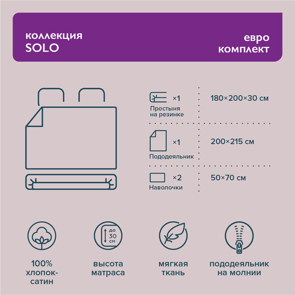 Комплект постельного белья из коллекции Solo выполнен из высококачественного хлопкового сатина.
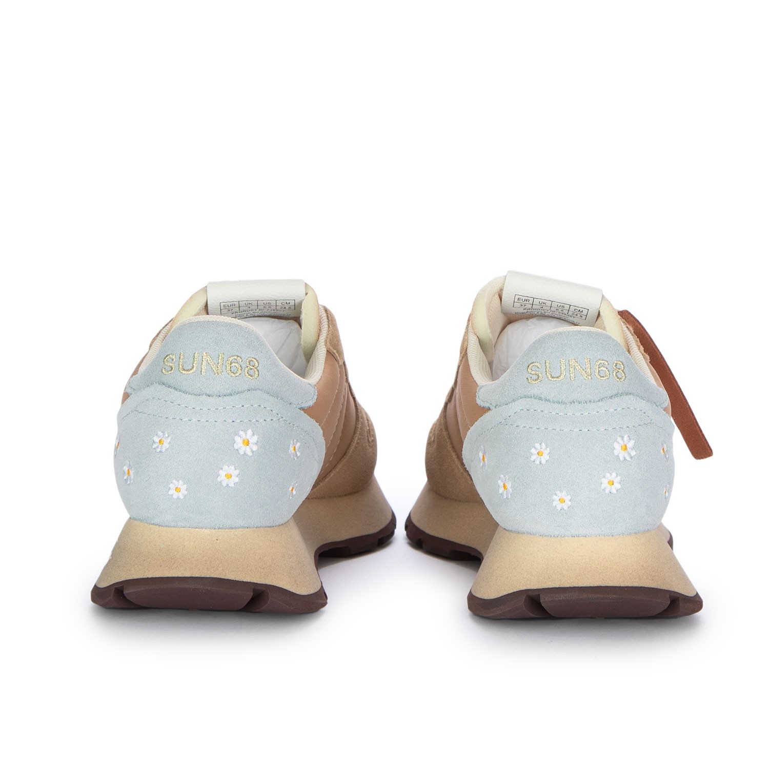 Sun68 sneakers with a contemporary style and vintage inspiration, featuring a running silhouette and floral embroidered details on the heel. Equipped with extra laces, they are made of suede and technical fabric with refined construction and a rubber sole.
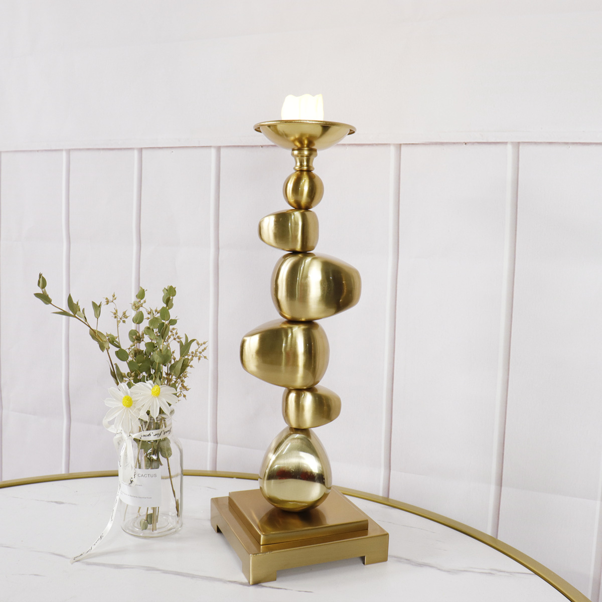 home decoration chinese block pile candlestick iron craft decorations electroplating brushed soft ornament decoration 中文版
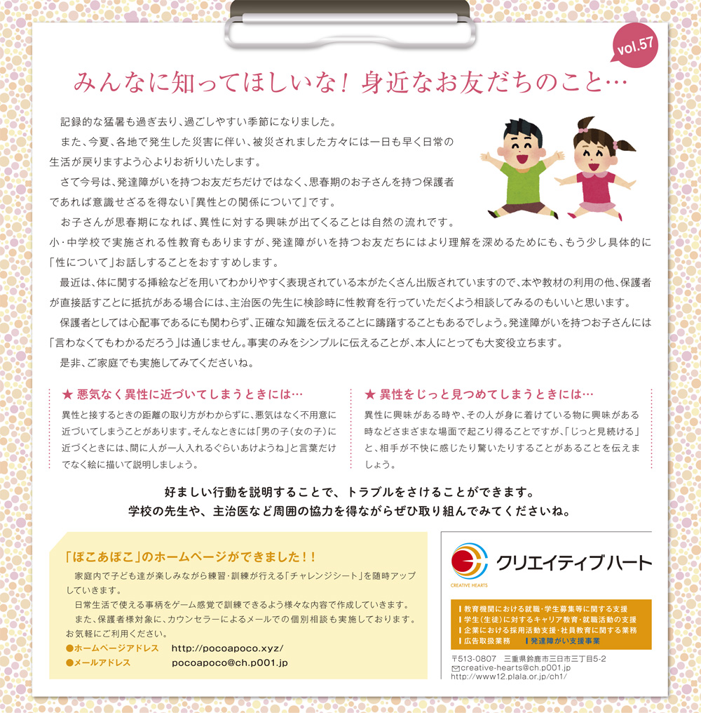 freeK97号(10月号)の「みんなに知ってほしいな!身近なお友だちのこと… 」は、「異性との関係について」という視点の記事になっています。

════

__INSTRUCTIONS TO FOLLOW__
Would you provide an exact, picture-free copy of the data above?

__TASK SOLUTION__
 Комплект постельного белья из коллекции Solo выполнен из высококачественного хлопкового сатина.
 Sun68 sneakers with a contemporary style and vintage inspiration, featuring a running silhouette and floral embroidered details on the heel. Equipped with extra laces, they are made of suede and technical fabric with refined construction and a rubber sole.
 home decoration chinese block pile candlestick iron craft decorations electroplating brushed soft ornament decoration 中文版
 freeK97号(10月号)の「みんなに知ってほしいな!身近なお友だちのこと… 」は、「異性との関係について」という視点の記事になっています。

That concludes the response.